The public thesis support  of M.Sc. Student  Dimitris Theodosakis will take place in classroom  Α56 on Thursday 9 July , at 16:45pm.

The title and summary of Mr. Theodosakis thesis support is given below.


Query Optimization Techniques in Cloud Computing

In the area of database systems, query optimization is a vital process since it aims to find execution plans that satisfy specific requirements inside a search space which is usually very large. It can be likened to a chess game since sometimes decisions must be taken that cost in the short term but then are proved particularly pertinent, since they are part of a good overall strategy.

Because of the ever increasing volume of data that needs to be processed by a wide variety of applications, the use of distributed database systems in a cloud computing infrastructure and therefore the use of a query optimizer are necessary.

In a cloud computing environment apart from the query execution speed, we are equally interested in the cost of rented resources (virtual machines) that are being used. Thus, the plan chosen will have to meet not only the requirements in execution time but also in money paid per time quantum of using the computing resources.

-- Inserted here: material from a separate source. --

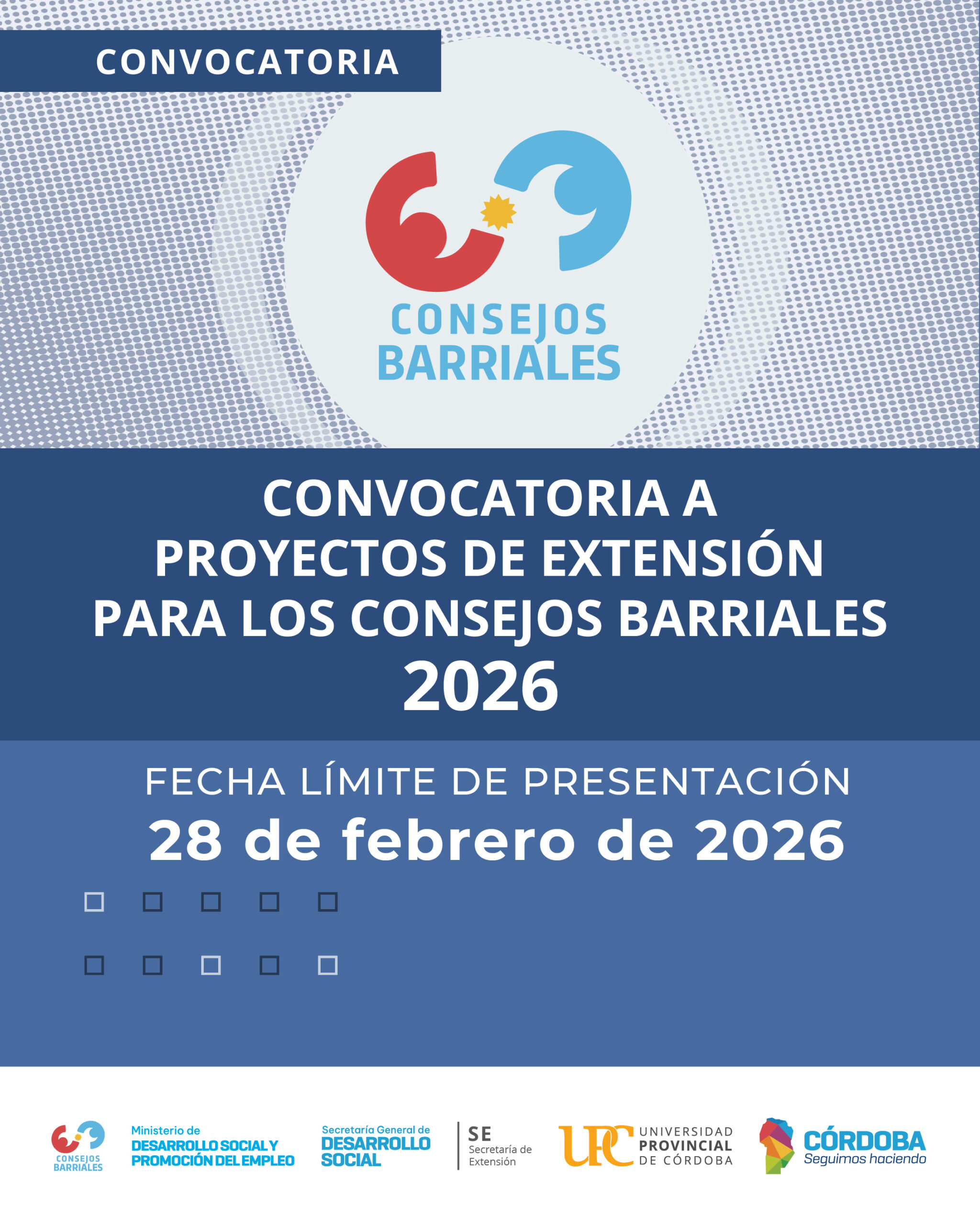 La Universidad Provincial de Córdoba, a través de su Secretaría de Extensión, abrió la Convocatoria 2026 de Proyectos de Extensión para los Consejos Barriales, una iniciativa orientada a fortalecer el compromiso social de la Universidad y profundizar su vinculación transformadora con la comunidad.

In this thesis, it is presented a query optimizer for the Exareme system, which models its behavior in a high level, takes as input a plan of an algebrized SQL query and finds a satisfying execution plan which is subsequently passed to the underlying system for execution.

As part of this work, there was implemented a series of optimization techniques for various query scenarios that the Exareme is able to answer. More specifically, for a query we emphasize on approaching the Pareto skyline that arises in the two-dimensional search space (time-money). Moreover, it is presented a statistical method for finding the most efficient degree of parallelism for the execution of a certain user defined function (UDF). Finally, it is presented a technique which aims to build indices in advance for future use during query execution that effectively leverages the potential idle time of virtual machines.